++++ DATA EXTRACTS

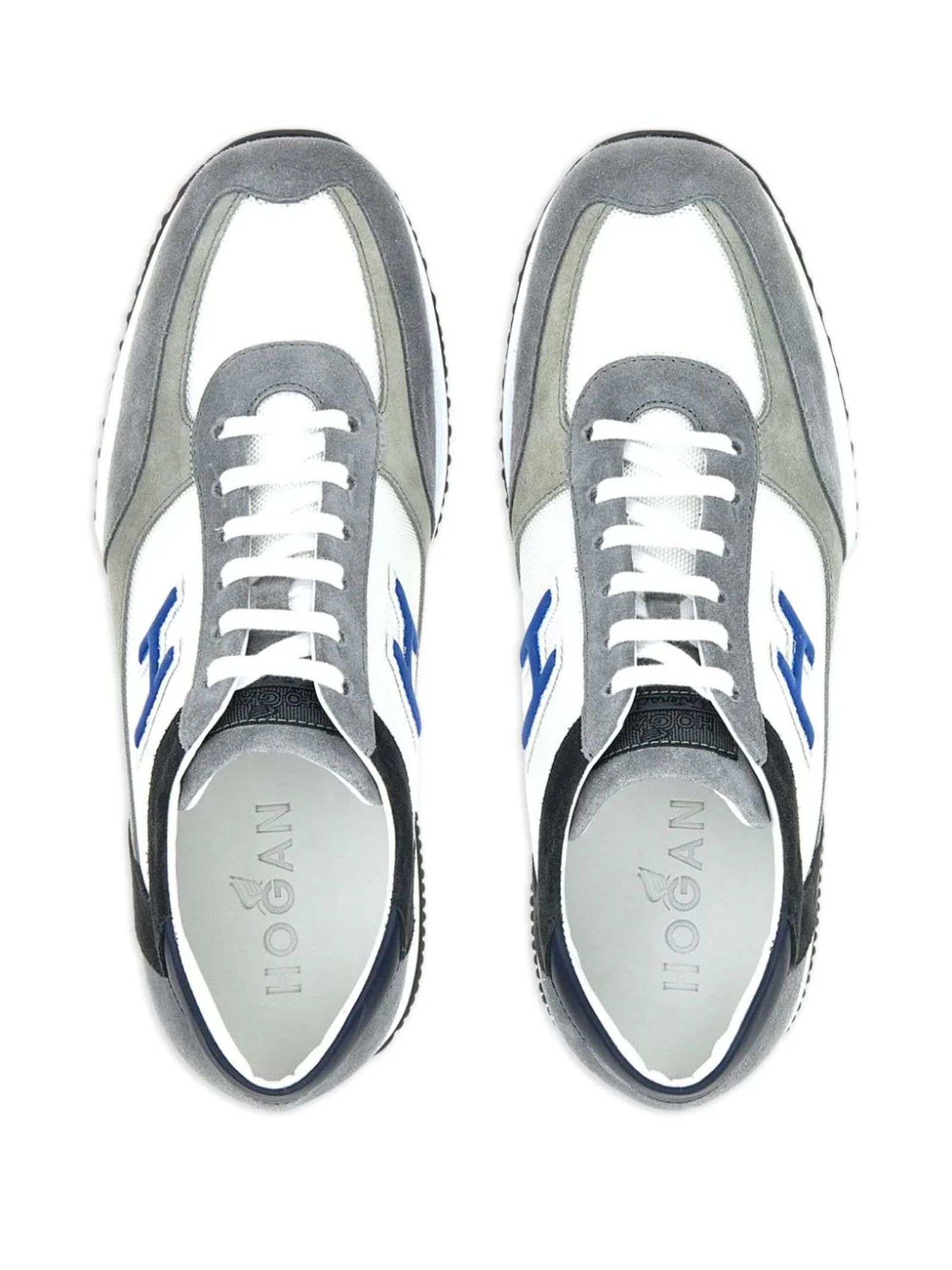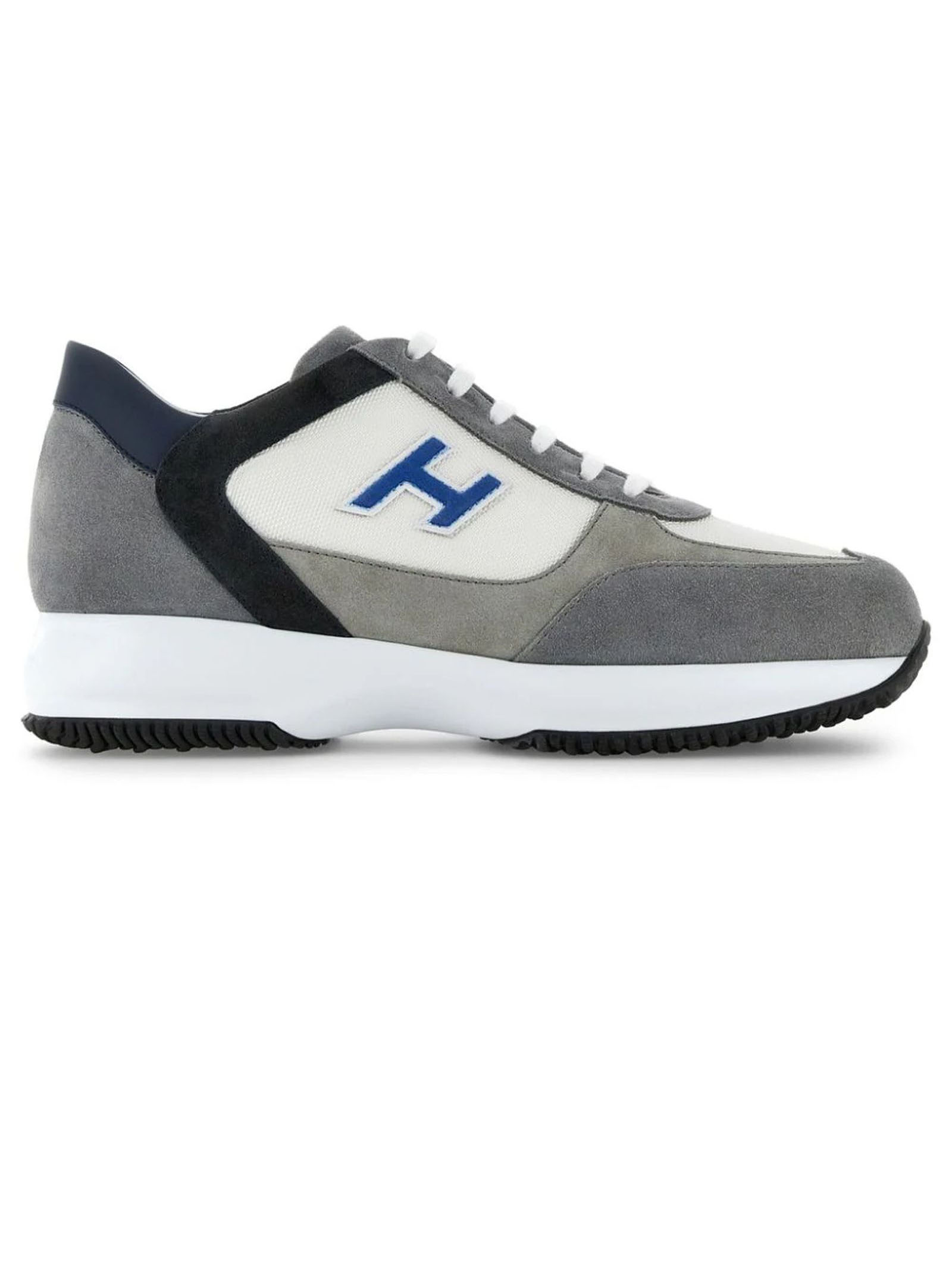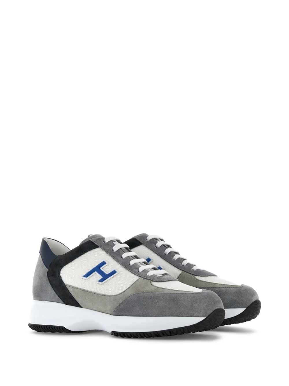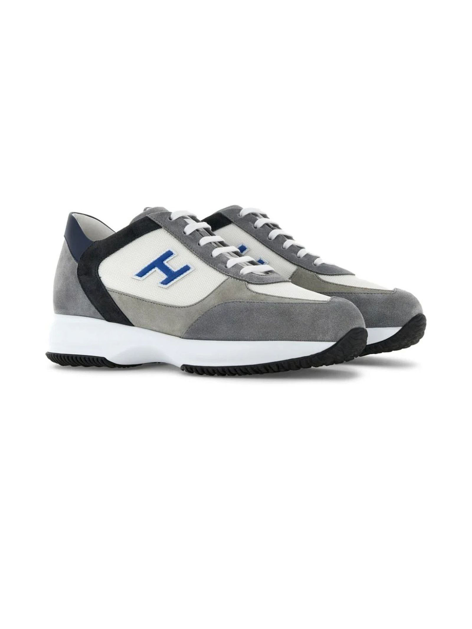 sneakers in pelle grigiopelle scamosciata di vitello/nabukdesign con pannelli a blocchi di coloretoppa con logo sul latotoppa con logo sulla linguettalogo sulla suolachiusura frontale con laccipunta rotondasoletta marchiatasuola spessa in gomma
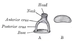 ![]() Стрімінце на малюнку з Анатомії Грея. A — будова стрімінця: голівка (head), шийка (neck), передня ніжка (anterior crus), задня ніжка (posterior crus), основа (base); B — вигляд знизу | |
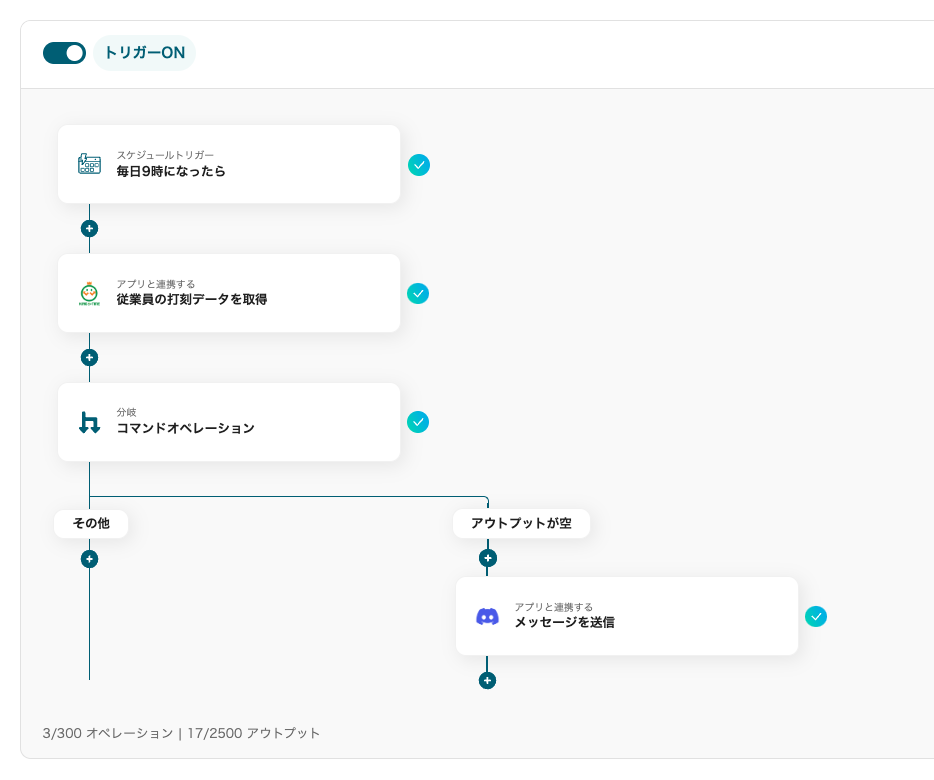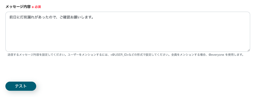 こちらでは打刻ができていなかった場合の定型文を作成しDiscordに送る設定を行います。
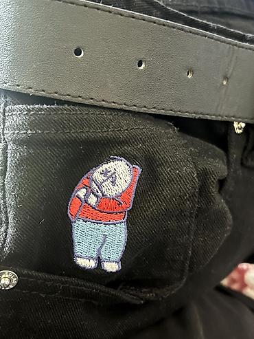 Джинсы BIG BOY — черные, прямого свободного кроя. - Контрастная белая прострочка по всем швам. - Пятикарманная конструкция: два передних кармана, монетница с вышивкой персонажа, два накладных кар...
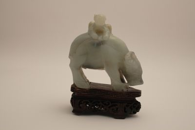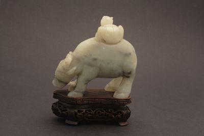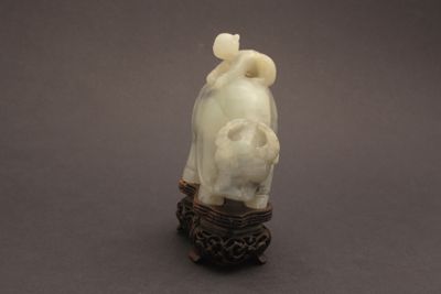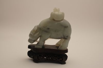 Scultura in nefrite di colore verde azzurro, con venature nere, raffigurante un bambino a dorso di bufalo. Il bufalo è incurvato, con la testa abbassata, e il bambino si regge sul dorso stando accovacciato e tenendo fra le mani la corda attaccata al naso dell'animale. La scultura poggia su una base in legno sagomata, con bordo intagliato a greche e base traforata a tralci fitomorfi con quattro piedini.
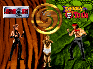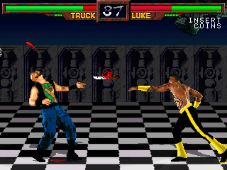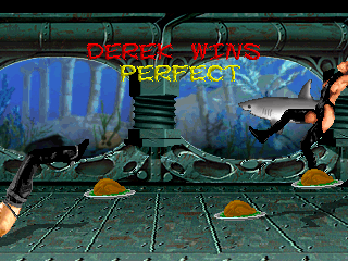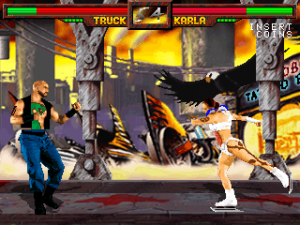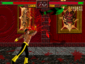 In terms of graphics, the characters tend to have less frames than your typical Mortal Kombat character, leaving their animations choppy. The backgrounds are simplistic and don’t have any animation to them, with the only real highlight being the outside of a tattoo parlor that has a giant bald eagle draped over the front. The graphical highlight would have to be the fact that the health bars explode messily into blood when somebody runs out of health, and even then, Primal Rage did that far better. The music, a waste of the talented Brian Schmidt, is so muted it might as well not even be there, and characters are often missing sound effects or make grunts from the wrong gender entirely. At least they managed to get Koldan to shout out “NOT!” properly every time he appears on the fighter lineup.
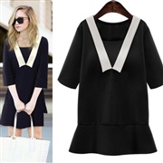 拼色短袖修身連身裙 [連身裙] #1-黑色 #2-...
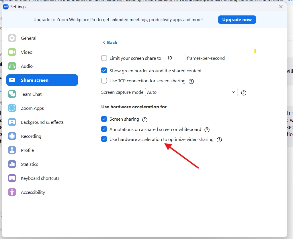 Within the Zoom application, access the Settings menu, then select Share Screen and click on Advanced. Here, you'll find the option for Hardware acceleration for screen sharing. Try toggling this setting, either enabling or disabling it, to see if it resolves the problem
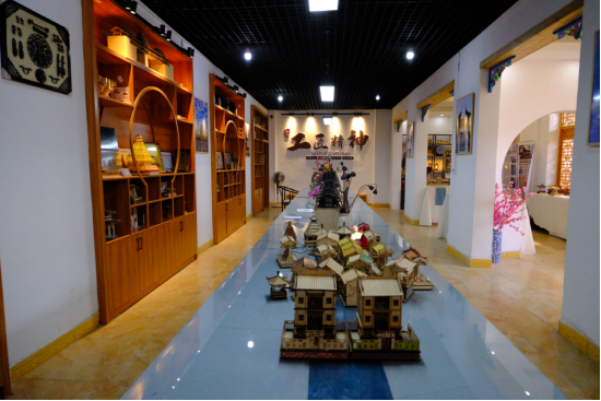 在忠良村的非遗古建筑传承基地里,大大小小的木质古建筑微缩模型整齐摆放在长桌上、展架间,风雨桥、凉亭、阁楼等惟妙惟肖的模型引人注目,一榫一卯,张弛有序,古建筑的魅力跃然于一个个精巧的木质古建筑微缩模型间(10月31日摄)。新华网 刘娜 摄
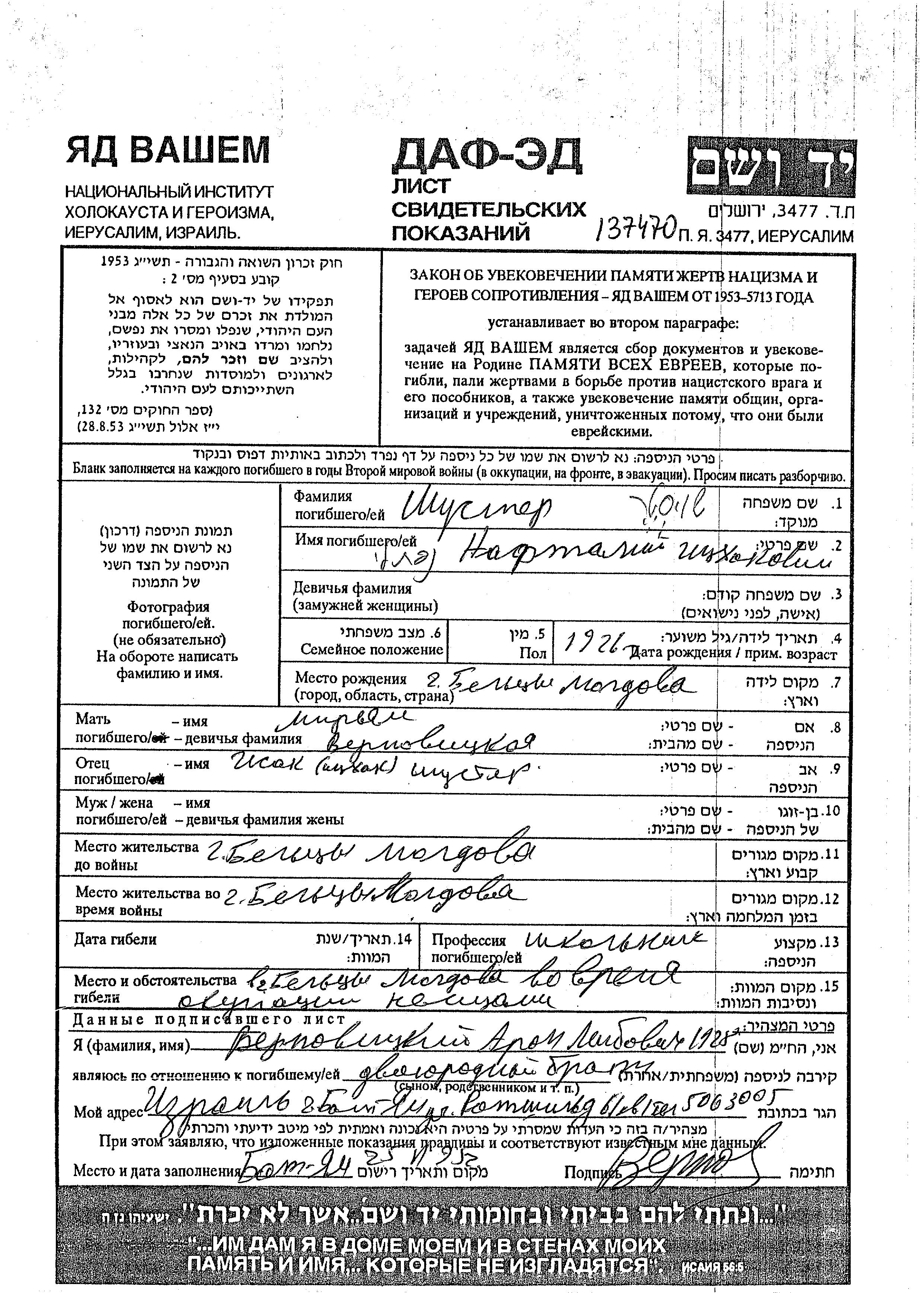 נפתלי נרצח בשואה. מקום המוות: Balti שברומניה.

++++++++

### EXERCISE
Find "拼色短袖修身連身裙 [連身裙] #1-黑色 #2-..." in the entries, then reproduce that line and each line after it exactly, through the last one. Pictures do not go in.

### TASK RESPONSE
 拼色短袖修身連身裙 [連身裙] #1-黑色 #2-...
 Within the Zoom application, access the Settings menu, then select Share Screen and click on Advanced. Here, you'll find the option for Hardware acceleration for screen sharing. Try toggling this setting, either enabling or disabling it, to see if it resolves the problem
 在忠良村的非遗古建筑传承基地里,大大小小的木质古建筑微缩模型整齐摆放在长桌上、展架间,风雨桥、凉亭、阁楼等惟妙惟肖的模型引人注目,一榫一卯,张弛有序,古建筑的魅力跃然于一个个精巧的木质古建筑微缩模型间(10月31日摄)。新华网 刘娜 摄
 נפתלי נרצח בשואה. מקום המוות: Balti שברומניה.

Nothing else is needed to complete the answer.